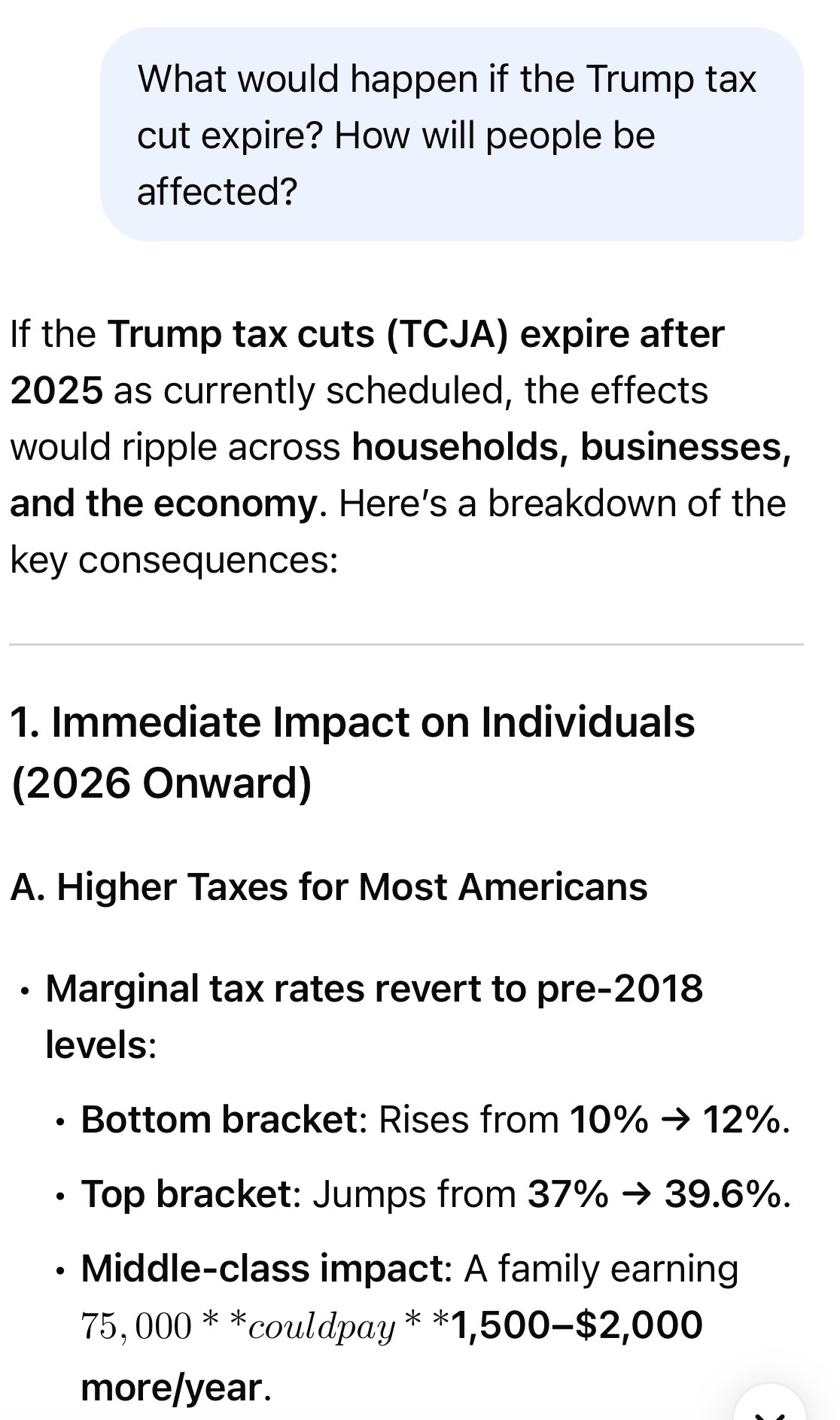 Part 3 - I asked AI: What would happen if the Trump tax cut expire? How will people be affected?
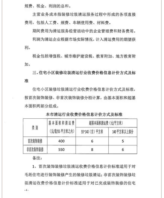 8月17日,《上海住宅小區(qū)裝修垃圾清運(yùn)行業(yè)收費(fèi)價(jià)格信息》(下稱《價(jià)格信息》)公布,《價(jià)格信息》明確了住宅小區(qū)裝修垃圾清運(yùn)行業(yè)收費(fèi)價(jià)格信息的定義,明確收費(fèi)價(jià)格主要成本構(gòu)成、計(jì)價(jià)方式、標(biāo)準(zhǔn)以及收費(fèi)主體。住宅小區(qū)裝修垃圾清運(yùn),根據(jù)首次和非首次裝飾裝修、基本面積等標(biāo)準(zhǔn)計(jì)價(jià),此外,機(jī)關(guān)、企事業(yè)單位裝飾裝修垃圾清運(yùn)處置費(fèi)將根據(jù)清運(yùn)、分揀等環(huán)節(jié),按市場(chǎng)化、全成本要素,協(xié)商收取。
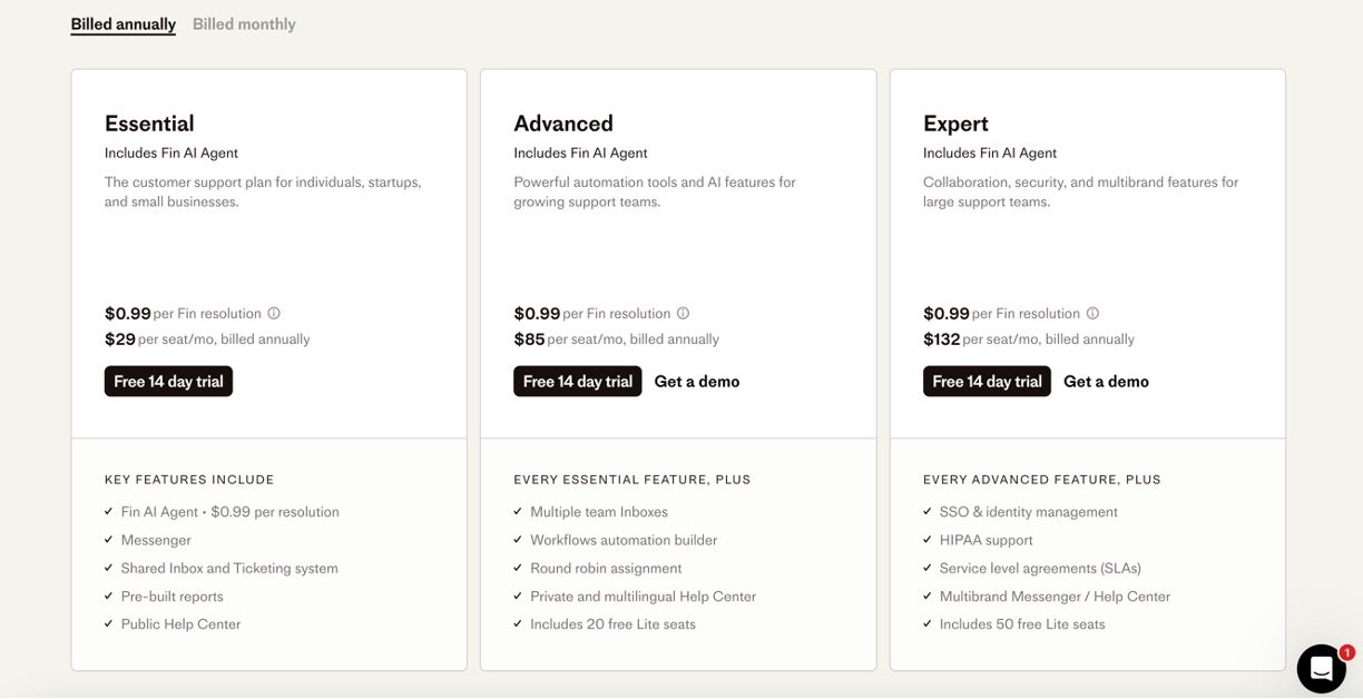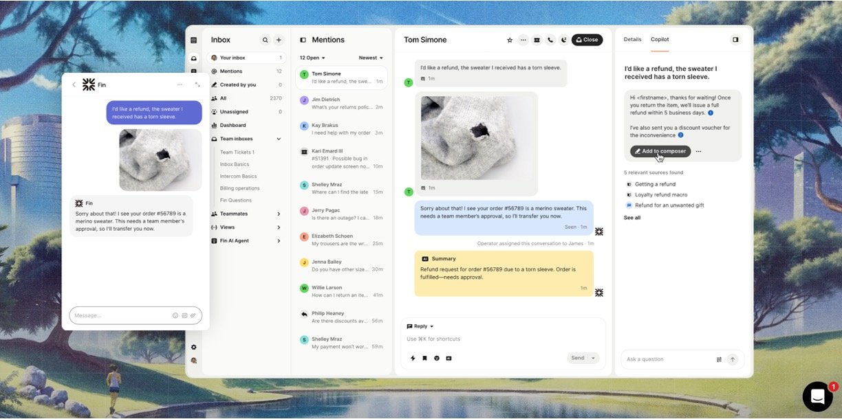 AI-Powered Support Suite: Includes the Fin AI agent for complex query handling, Copilot AI to assist human agents, and automated workflow tools to improve team productivity.
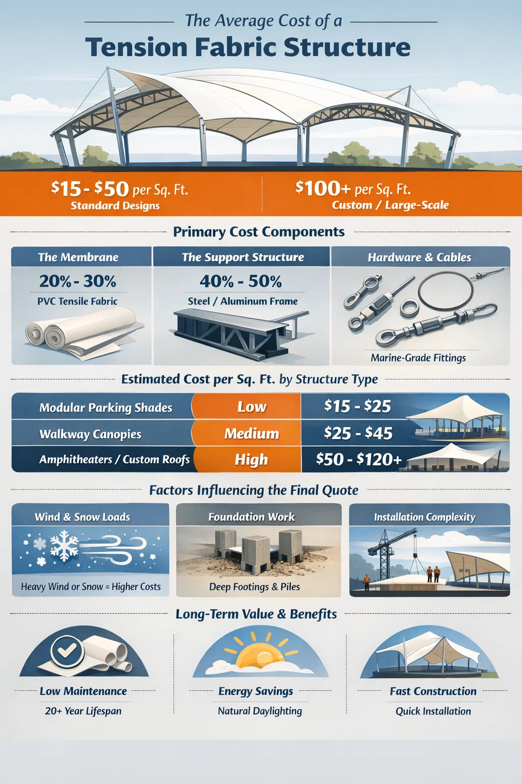 সরাসরি উত্তর: টেনশন ফ্যাব্রিক স্ট্রাকচারের গড় খরচ কত?
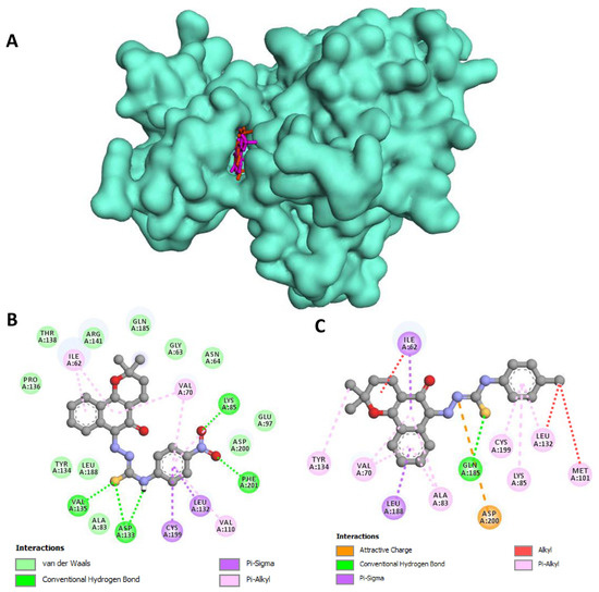 A significant number of hydrophobic interactions were also observed in the docking of the compound BV5 on GSK3β protein (Figure 7C), especially of the alkyl, pi–alkyl and pi–sigma type with Ile62, Val70, Ala83, Lys85, Met101, Leu132, Tyr134, Leu188, and Cys199. In addition, the sulfur of the thiosemicarbazone moiety was able to form hydrogen bonds with Gln185, and an attractive charge interaction was also observed between Asp200 and one of the thiosemicarbazone nitrogens.
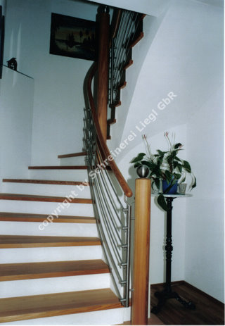 Eichentreppe mit eingestemmten Stufen,  Geländer mit Krümmlingen

========

**Task instructions**.
Please transcribe, word for word, every line from the one containing "8月17日,《上海住宅小區(qū)裝修垃" through the last line of the records, both included, and leave the pictures out.

**Solution to this problem**.
 8月17日,《上海住宅小區(qū)裝修垃圾清運(yùn)行業(yè)收費(fèi)價(jià)格信息》(下稱《價(jià)格信息》)公布,《價(jià)格信息》明確了住宅小區(qū)裝修垃圾清運(yùn)行業(yè)收費(fèi)價(jià)格信息的定義,明確收費(fèi)價(jià)格主要成本構(gòu)成、計(jì)價(jià)方式、標(biāo)準(zhǔn)以及收費(fèi)主體。住宅小區(qū)裝修垃圾清運(yùn),根據(jù)首次和非首次裝飾裝修、基本面積等標(biāo)準(zhǔn)計(jì)價(jià),此外,機(jī)關(guān)、企事業(yè)單位裝飾裝修垃圾清運(yùn)處置費(fèi)將根據(jù)清運(yùn)、分揀等環(huán)節(jié),按市場(chǎng)化、全成本要素,協(xié)商收取。
 AI-Powered Support Suite: Includes the Fin AI agent for complex query handling, Copilot AI to assist human agents, and automated workflow tools to improve team productivity.
 সরাসরি উত্তর: টেনশন ফ্যাব্রিক স্ট্রাকচারের গড় খরচ কত?
 A significant number of hydrophobic interactions were also observed in the docking of the compound BV5 on GSK3β protein (Figure 7C), especially of the alkyl, pi–alkyl and pi–sigma type with Ile62, Val70, Ala83, Lys85, Met101, Leu132, Tyr134, Leu188, and Cys199. In addition, the sulfur of the thiosemicarbazone moiety was able to form hydrogen bonds with Gln185, and an attractive charge interaction was also observed between Asp200 and one of the thiosemicarbazone nitrogens.
 Eichentreppe mit eingestemmten Stufen,  Geländer mit Krümmlingen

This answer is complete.